Unlike the official poverty measure which primarily accounts for the cost of food, the Real Cost Measure incorporates the costs of housing, food, health care, child care, transportation and other basic needs to determine what it really costs to live in California.
At the heart of the Real Cost Measure are household budgets. With our interactive tool, anyone in California can identify the minimum threshold a household needs to survive by selecting the county they live in and selecting the age numbers of everyone in their household. Household budgets are easy to understand as they speak to the realities families have to deal with every day: can I afford to make my housing payment next September as my children need school supplies and vaccinations? How can I take my infant for her check-up when I can't afford the cost of gasoline to drive 30 miles?

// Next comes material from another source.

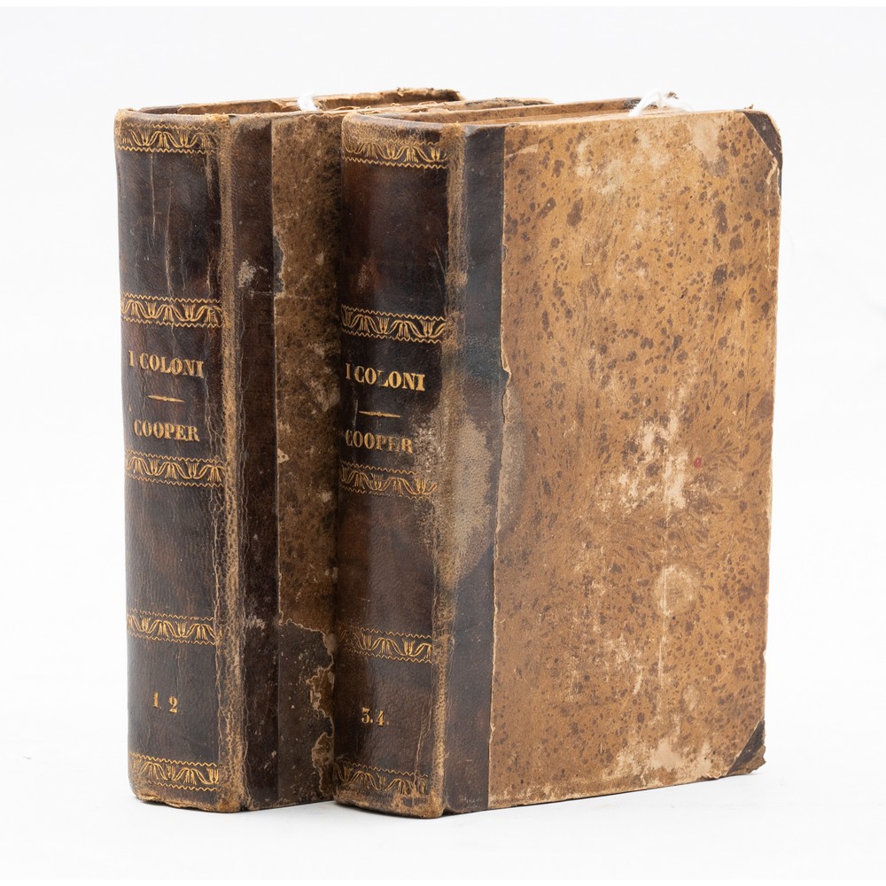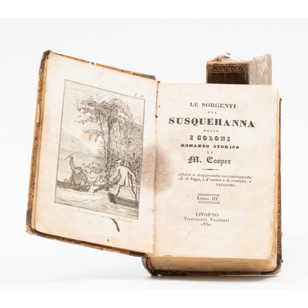 DUE OTTOCENTINE IN 16° di James Fenimore Cooper LE SORGENTI DEL SUSQUEHANNA OSSIA I COLONI, ed. Livorno Vignozzi 1830 - 1831. 2 tomi che contengono quattro libri. Legature coeve in mezza pelle con piatti cartonati. Titoli e fregi impressi in oro ai dorsi. Pp. 898 continuative. Incisioni xilografiche alle antiporte. Molto raro.

Read the Executive Summary, visualize hardships throughout California through Interactive Maps, and learn about Real Cost Budgets from United Way's of California.
Struggling to Stay Afloat: The Real Cost Measure in California 2018
Struggling to Stay Afloat: The Real Cost Measure is a statewide report outlining the financial challenges for working families. Unlike the official poverty measure which does not accurately account for local costs of living, the Real Cost Measure factors in the costs of housing, food, healthcare, childcare, transportation and other basic needs to determine what it really costs to live in California. Also discussed are the challenges facing specific households such as single mothers, households with young children, households of color and seniors.